[[ Supplied entries open ]]

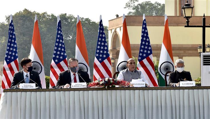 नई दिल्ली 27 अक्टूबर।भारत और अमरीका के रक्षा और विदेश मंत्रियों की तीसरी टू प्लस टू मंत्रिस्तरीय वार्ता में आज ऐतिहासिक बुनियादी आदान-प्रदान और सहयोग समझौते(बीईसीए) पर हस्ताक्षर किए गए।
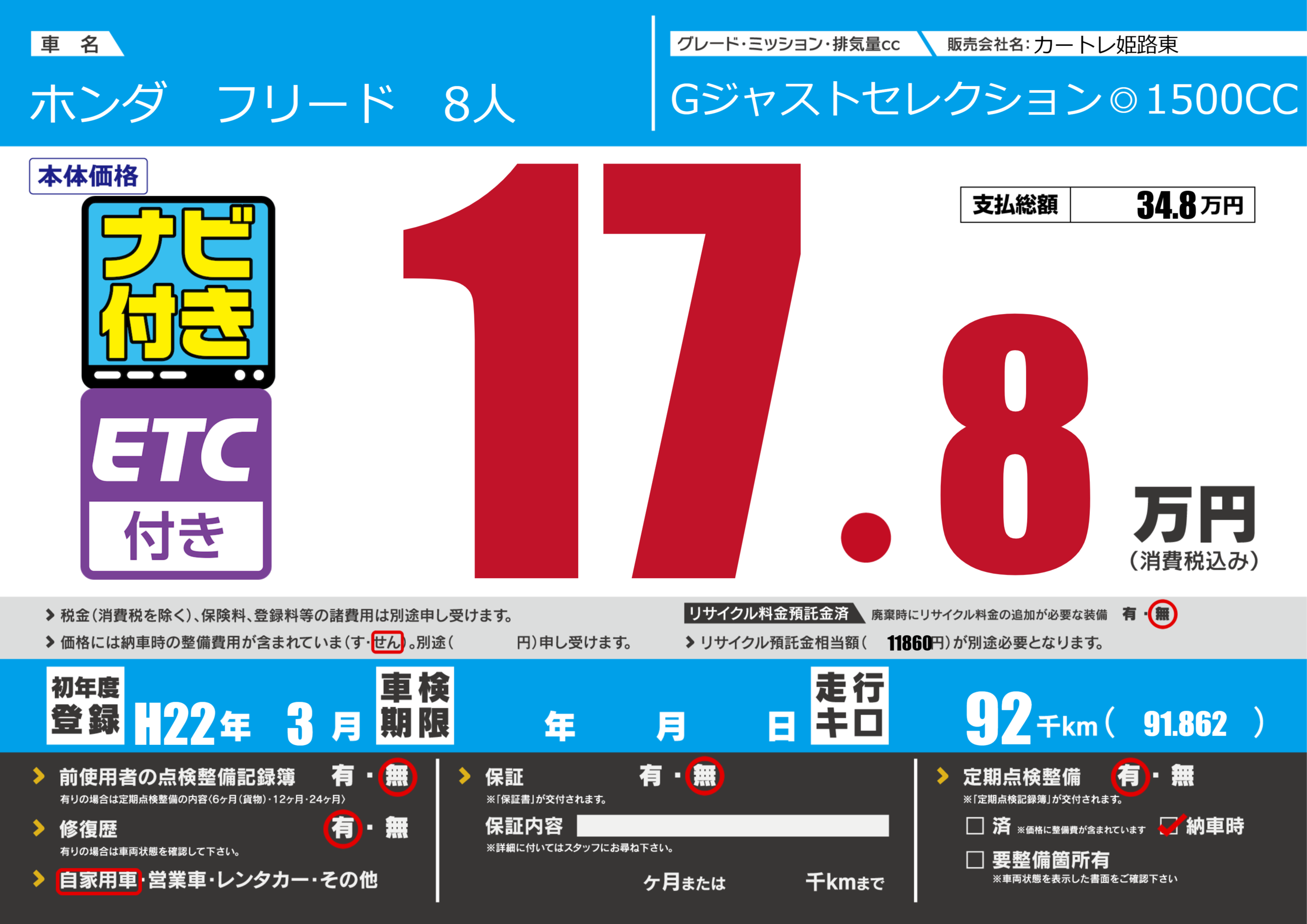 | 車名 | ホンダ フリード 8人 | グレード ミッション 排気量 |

[[ Supplied entries closed ]]
[[ Supplied entries open ]]

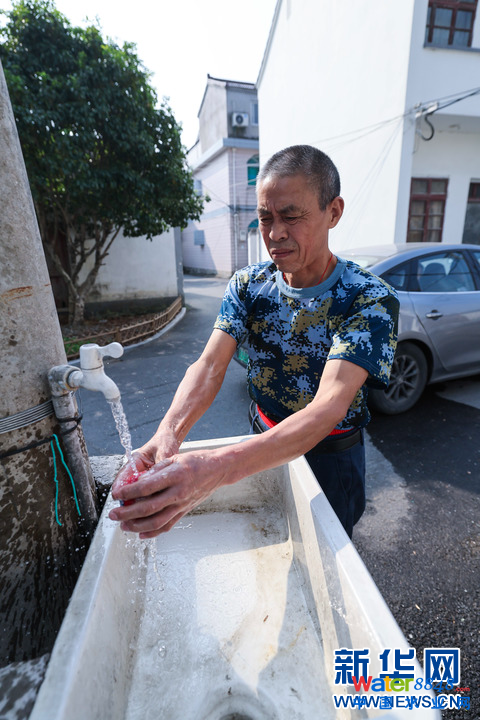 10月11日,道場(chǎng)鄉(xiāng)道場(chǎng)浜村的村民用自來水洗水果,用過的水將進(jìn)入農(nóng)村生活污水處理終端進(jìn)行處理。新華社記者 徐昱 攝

[[ Supplied entries closed ]]

* [Task statement]:
Please repeat the lines of the material above exactly, starting with the line that contains "नई दिल्ली 27" and ending with the line that contains "ミッション 排気量 |". Leave the pictures out.

* [Response to the task]:
 नई दिल्ली 27 अक्टूबर।भारत और अमरीका के रक्षा और विदेश मंत्रियों की तीसरी टू प्लस टू मंत्रिस्तरीय वार्ता में आज ऐतिहासिक बुनियादी आदान-प्रदान और सहयोग समझौते(बीईसीए) पर हस्ताक्षर किए गए।
 | 車名 | ホンダ フリード 8人 | グレード ミッション 排気量 |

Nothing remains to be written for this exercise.